Predefined data mixes¶
For simpler scenarios, rely on the curated mixes defined in
olmo_core.data.mixes. The DataMix enumeration
encodes a set of text manifests (*.txt) that list shard labels and relative
paths.
Example:
from olmo_core.data import DataMix, NumpyFSLDatasetConfig
from olmo_core.train import TokenizerConfig
dataset_cfg = NumpyFSLDatasetConfig(
mix=DataMix.OLMoE_mix_0824,
mix_base_dir="s3://ai2-llm",
tokenizer=TokenizerConfig(identifier="dolma2-tokenizer"),
sequence_length=2048,
)
dataset = dataset_cfg.build()
When mix is set, NumpyFSLDatasetConfig loads the manifest, patches the
{TOKENIZER} placeholder to match the active tokenizer identifier (with special
cases handled for TokenizerName variants), and
injects any shard labels into the dataset metadata. You only need to supply the base
location (for example an S3 prefix or shared filesystem path).
Extending the catalog¶
If you need to register a new preset mix, subclass DataMixBase
inside your project, add an enum value, and provide a matching .txt manifest
with label,path rows stored under olmo_core/data/mixes.

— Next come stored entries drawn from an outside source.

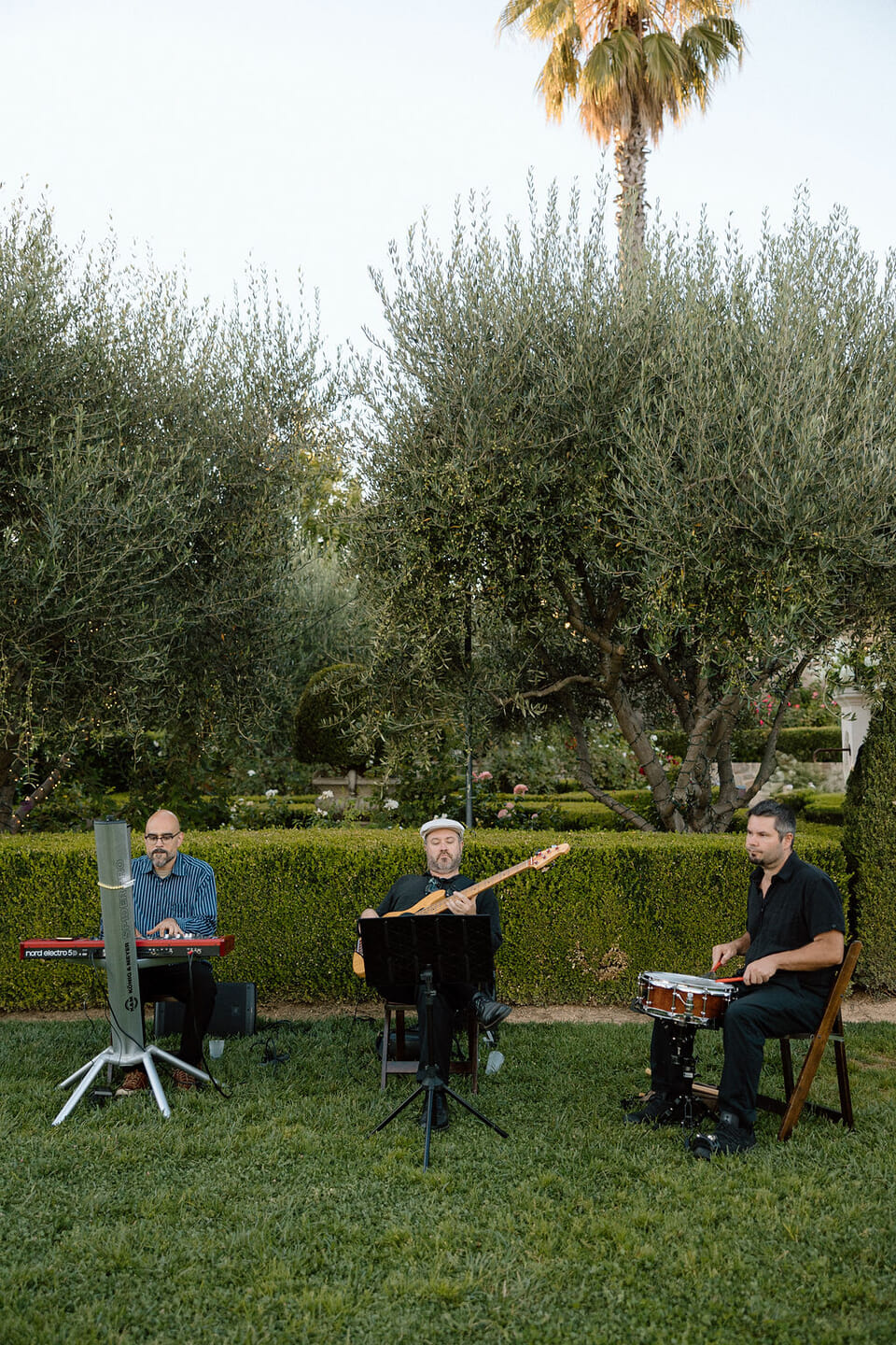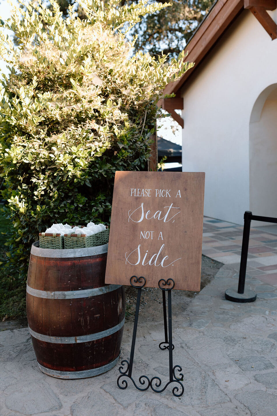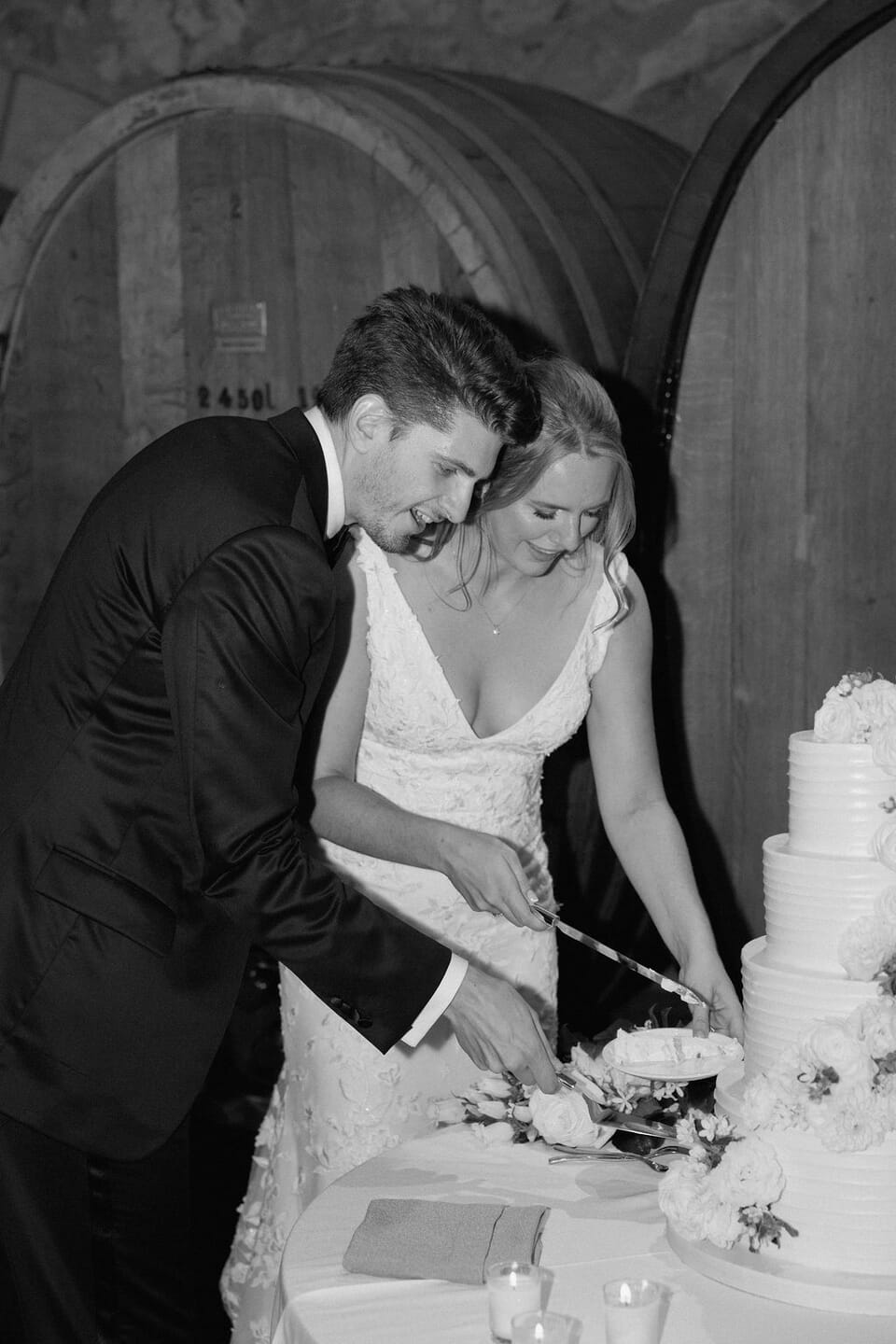 Their ceremony took place on the winery lawn beneath the iconic stone tower. Wooden cross-back chairs from Encore Events Rentals were accented with soft white blooms and sage-green ribbons, while wine barrels framed the aisle for a rustic yet refined entrance. Garaventa’s designed airy arrangements of white hydrangeas and blush roses that echoed the surrounding vineyards, as A Beautiful Ceremony Napa Valley led a heartfelt exchange of vows.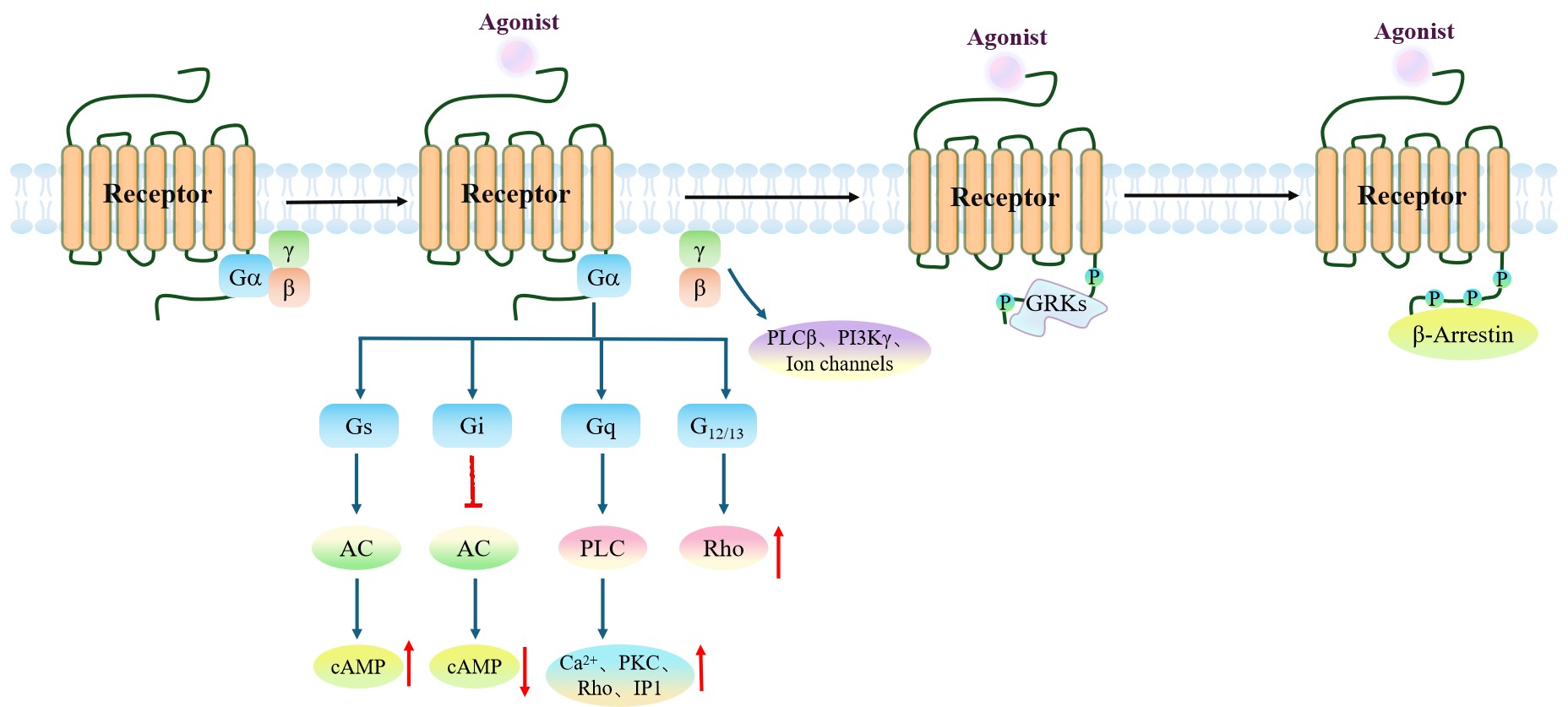 人類GPCR家族根據(jù)其氨基酸序列分為A類(視紫紅質(zhì))、B類(分泌素和粘附)、 C類(谷氨酸鹽)和F類(Frizzled)亞家族。A類GPCRs是由719個(gè)成員組成的視紫紅質(zhì)樣受體家族,分為幾個(gè)亞類:胺類、肽類、蛋白質(zhì)類、脂質(zhì)類、褪黑素類、核苷酸類、類固醇類、糖羧酸類、感覺類和孤兒類。A類GPCRs的適應(yīng)癥包括止痛藥、過敏、心血管疾病、高血壓、癌癥等。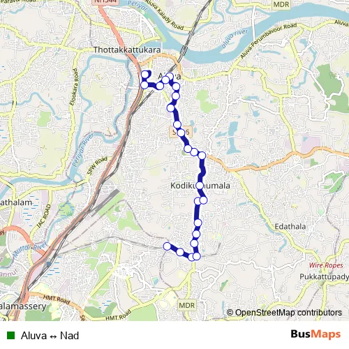 The first stop of the Aluva ↔ Nad bus route is NAD Signal and the last stop is Aluva. Aluva ↔ Nad is operational during everyday.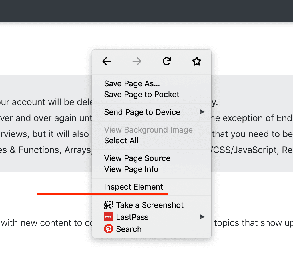 1. Open your browser, then right-click on the browser, then click on Inspect Element or Inspect (Firefox and Chrome).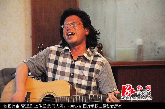 0409-02流浪诗人曾德旷在弹唱自己写的歌曲(周剑平)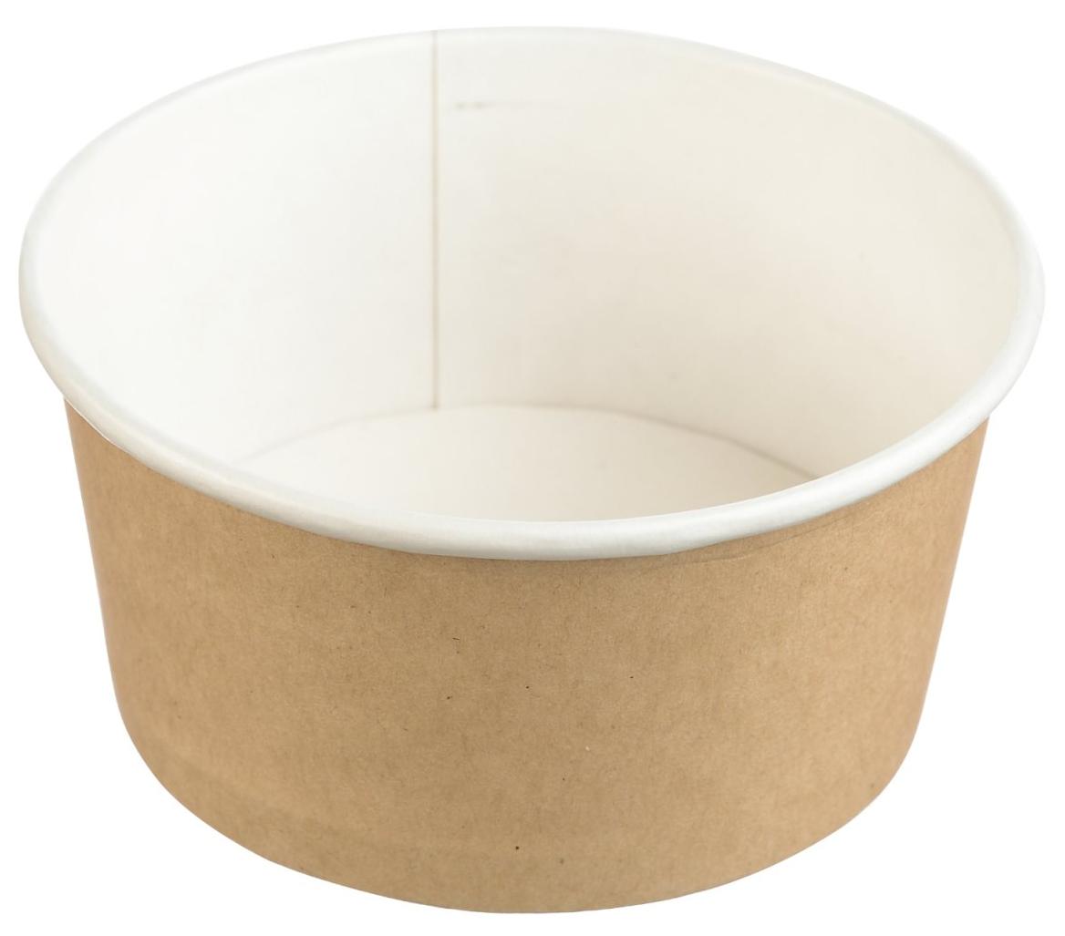 Контейнер бумажный 330 мл, диаметр 114 мм, крафт, подходит для горячих и холодных блюд. Можно использовать для супов, каш, мороженого и других блюд и десертов. Пригоден для разогревания в микроволновой печи, материал не выделяет вредные вещества при нагревании. Изготовлен из плотной бумаги крафтового цвета с ламинированным внутренним покрытием. Объем 330 мл. Диаметр 114 мм. Высота 55 мм. Подходит крышка арт. 19-0695.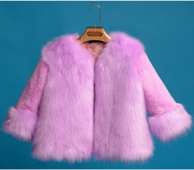 2018 새로운 아동복 인조 모피 자켓 스티칭 두꺼운 소형, 중형 및 대형 아동 자켓 여아 자켓 (3-10)스토어 가기

The rest of the
pipeline can treat your custom enum exactly like the built-in DataMix
options.
Simple path/glob lists¶
The most direct option is to point NumpyFSLDatasetConfig
at an explicit list of token files. This is ideal when your data already lives in a
single directory or you simply want all files treated uniformly without additional
weighting.
Pass absolute or relative paths via the paths field. If you prefer glob
patterns, either set expand_glob=True or use the convenience
glob() constructor, which
defers pattern expansion until build() so validation can happen during startup.
Example:
from olmo_core.data import NumpyFSLDatasetConfig
from olmo_core.train import TokenizerConfig
dataset_cfg = NumpyFSLDatasetConfig(
paths=[
"/datasets/run1/shard00.npy",
"/datasets/run1/shard01.npy",
],
tokenizer=TokenizerConfig.dolma2(),
sequence_length=2048,
)
# Equivalent glob-based declaration
dataset_cfg = NumpyFSLDatasetConfig.glob(
"/datasets/run1/shard*.npy",
tokenizer=TokenizerConfig.dolma2(),
sequence_length=2048,
)
Additional knobs:
label_mask_pathscan point to matching numpy boolean files that provide per-token label masks (to exclude certain tokens from loss computation during training).metadataaccepts per-path dictionaries that are returned with each instance wheninclude_instance_metadata=True(the default).
Choosing an approach¶
Use the fine-grained source mixture when you need deterministic token budgets, custom repetition logic, or transparent ratio auditing. Reach for the predefined mixes when an existing manifest already captures the blend you want or when you prefer to manage mixes declaratively without writing code. Use simple path lists for one-off experiments or small datasets.